Böhm betonte weiter, der Verband unterstütze angesichts der besonders ansteckenden Mutationen* den Stufenplan, der aktuell für Bayerns Schulen gilt. Bei einer lokalen Sieben-Tage-Inzidenz zwischen 50 und 100 findet Wechselunterricht mit geteilten Klassen statt, bei einem Wert von über 100 wird vollständig auf Distanzunterricht umgestellt.

Söder-Minister verrät: Bayern ändert Impf-Zeitraum bedeutend - Umsetzung läuft schon seit Wochen

Update vom 6. April, 9.12 Uhr: Um mehr Menschen in kürzerer Zeit gegen Corona impfen zu können, setzt Bayern auf eine Verlängerung der Intervalle zwischen Erst- und Zweitimpfung.* Bereits seit dem 12. März setze der Freistaat die Empfehlungen der Ständigen Impfkommission zum Abstand zwischen den Impfungen um. Das sagte Gesundheitsminister Klaus Holetschek der Augsburger Allgemeinen (Dienstagsausgabe). Bei Impfungen* mit den Vakzinen von Biontech/Pfizer* und Moderna* betrage der Abstand nunmehr sechs Wochen, bei Astrazeneca zwölf Wochen.

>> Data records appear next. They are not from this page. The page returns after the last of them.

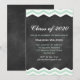 This trendy Graduation Invitation is on an illustrated chalkboard background and accented with mint green chevrons.
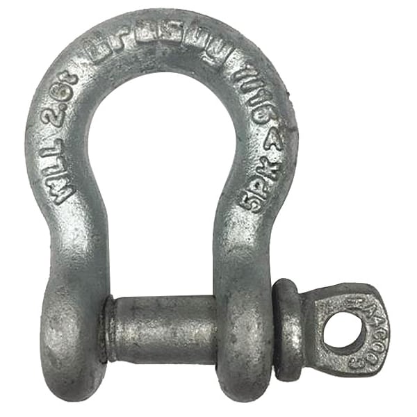 Anchor Shackle, Shackle Type Anchor Shackle, Lifting Capability For Lifting, Working Load Limit 5,330 lb, Width Between Eyes 3/4 in, Body Material Alloy Steel, Inside Length 1 11/16 in, Inside Width 1 3/16 in, Body Thickness 7/16 in, Body Color Silver, Body Finish Galvanized, Pin Type Removable Screw Pin, Pin Diameter 1/2 in, Pin Material Alloy Steel, Pin Color Silver, Pin Finish Galvanized, Minimum Operating Temperature -40 Degrees F, Maximum Operating Temperature 400 Degrees F
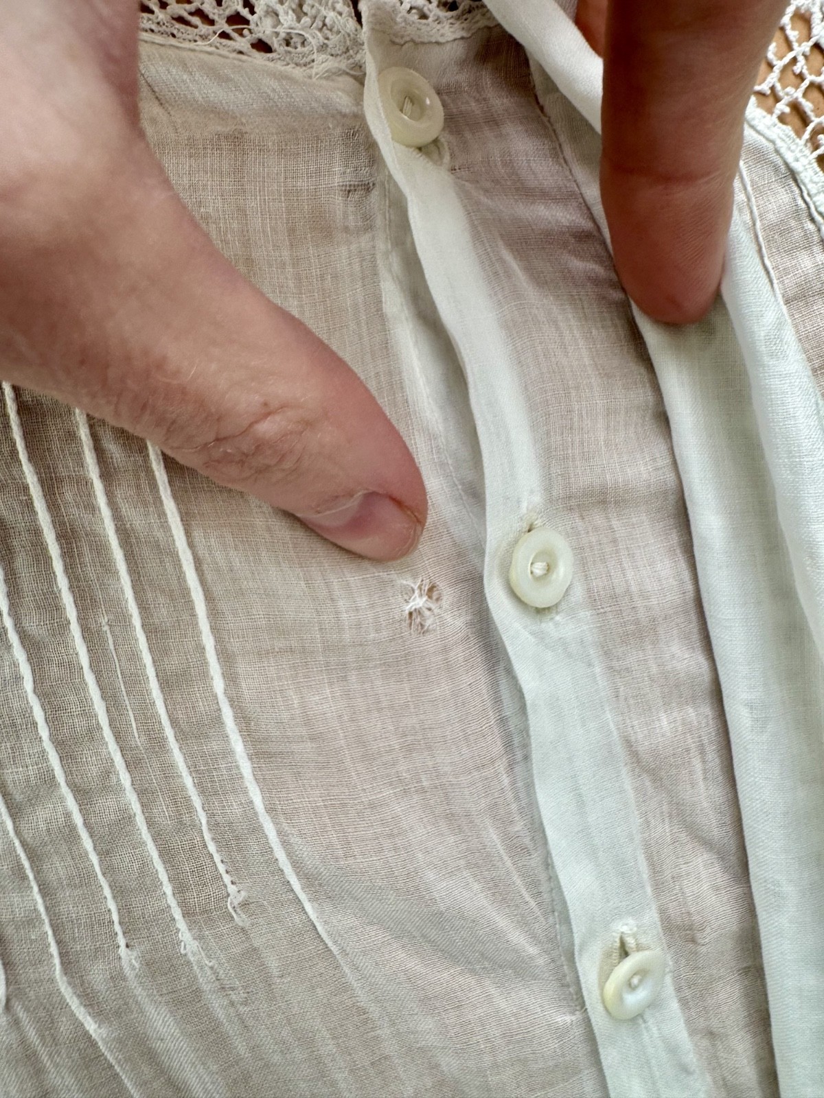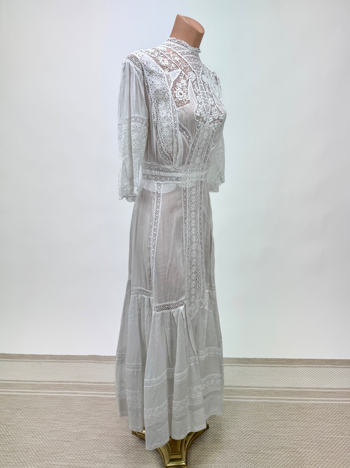 Antique Victorian Edwardian White lace Embroidered Cotton Tea Dress two piece
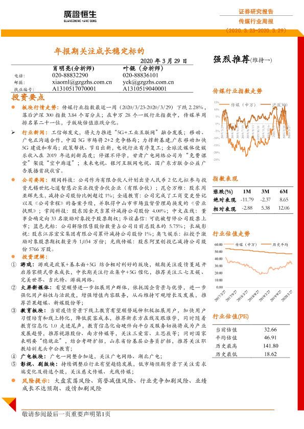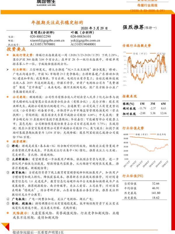 【广证恒生】【20200329】20200329-广证恒生证券研究所-传媒行业周报:年报期关注成长稳定标的-19页
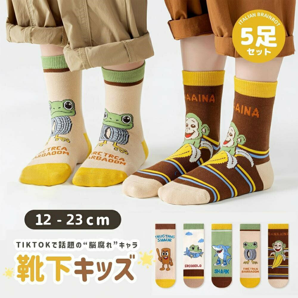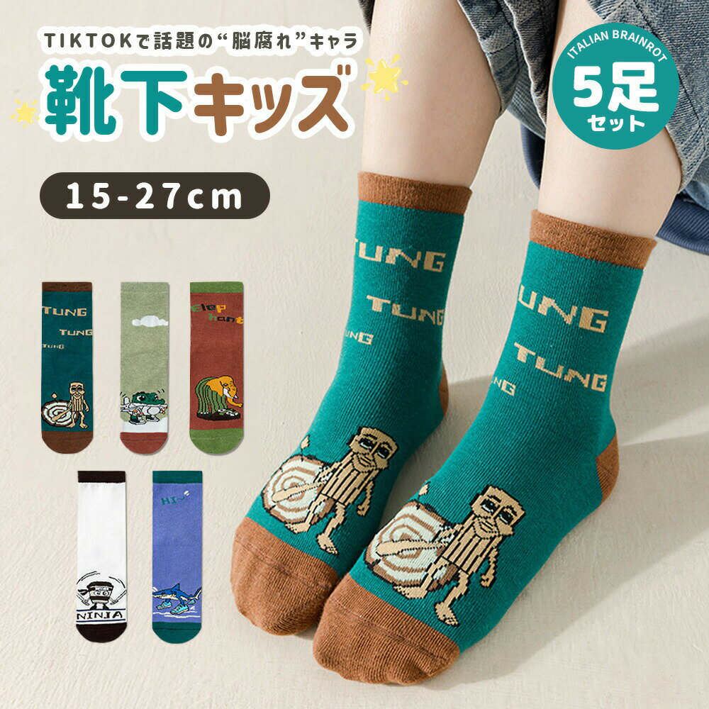 イタリアンブレインロット 靴下 5足セット トゥントゥントゥンサフール Italian brainrot TungTungTungSahur 子供 5ペア Tralalelo Tralala グッズ 通気 トララレロ・トララ 面白い キッズ 女の子 男の子 プレゼント 小学生 春夏秋冬 オシャレ
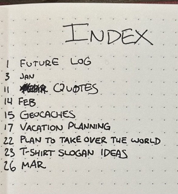 The index is usually the first few pages. It’s page numbers for Collections, Monthly Logs, and Future Logs. Daily pages don’t get indexed.
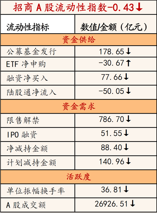 ? 股市方面,A股市场流动性恶化,招商A股流动性指数为-0.43。北上资金流出,净流出50.0亿元;融资余额上升,融资资金净买入77.7亿元;ETF净流出30.7亿元;新成立偏股类公募基金份额减少。重要股东净减持规模缩小,公布的计划减持规模下降。
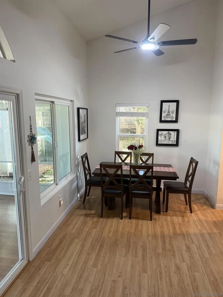 This pristine move in ready home boasts amazing curb appeal and it is conveniently located in lovely Santee, near Big Rock Park and Chet F Harritt School. This 3 bedroom 2 bath home with an additional sunroom/family room offers 1600 sf of living space, and It has been upgraded with new dual pane windows, front door keyless hardware, new siding with fresh paint recently, and a spacious sunroom for enjoying your morning coffee. The Kitchen has solid wood white cabinets with new appliances with plenty of counter space, and is open to the living and dining room, creating a comfortable flow. The extra large master bedroom upstairs offers a secluded loft feeling. The other two large bedrooms are downstair near the second bathroom and full laundry area. If you are looking for a well maintained home in a fantastic neighborhood for a great price, this is it! Don't miss this opportunity to own a home in Santee!
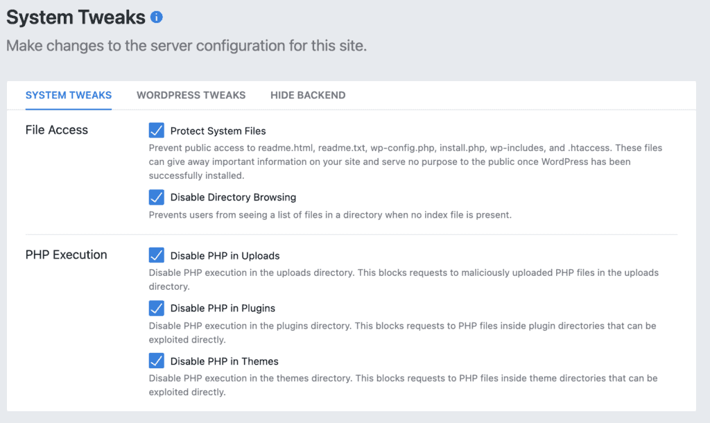 우리가 합리적이라고 생각한 한 가지 기능은 업로드 폴더에서 PHP 실행을 차단하는 것입니다. 그러나 iThemes는 또한 플러그인 및 테마 폴더에 대해 그렇게 할 것을 제안하며 이는 완전히 광기입니다. 일부 플러그인에는 직접 액세스해야 하는 스크립트가 있으며 이 경우 반드시 중단됩니다. 일반 사용자가 이것이 사실인지 판단하는 것은 불가능합니다.
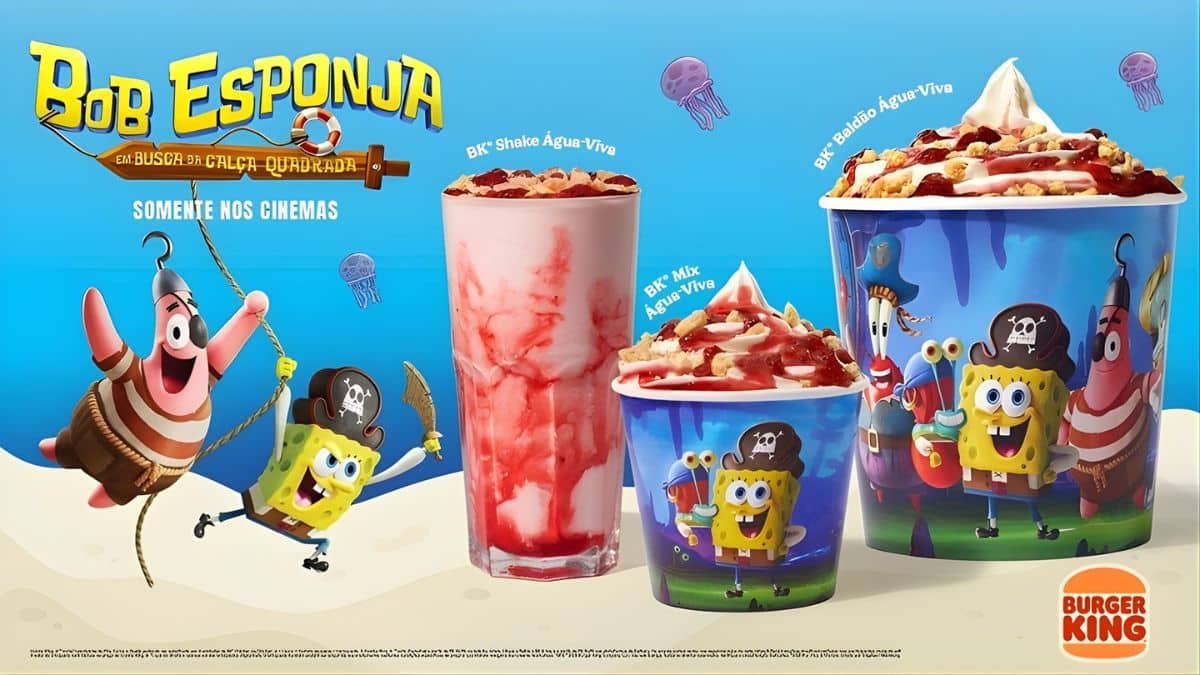 A linha de sobremesas inspiradas em Bob Esponja apresenta três lançamentos. O BK Shake Água-Viva combina calda de morango, farofa de cookies e massa de baunilha. Já o BK Mix Água-Viva traz calda de morango, forafa de cookies e massa de baunilha. Para finalizar, o BK Baldão Água-Viva oferece uma porção maior do BK Mix. Confira:

Mit dem größeren Impfabstand verzichte Bayern auch weitgehend auf Zurückstellung von Impfdosen für die Zweitimpfung, so der Minister weiter. Die Reserve-Regelung für den Astrazeneca-Impfstoff sei aufgehoben worden; für den Impfstoff von Biontech/Pfizer sei sie auf 10.000 Dosen reduziert worden. Bayern tue aber alles dafür, „dass jeder fristgerecht seine Zweitimpfung bekommt“, betonte Holetschek.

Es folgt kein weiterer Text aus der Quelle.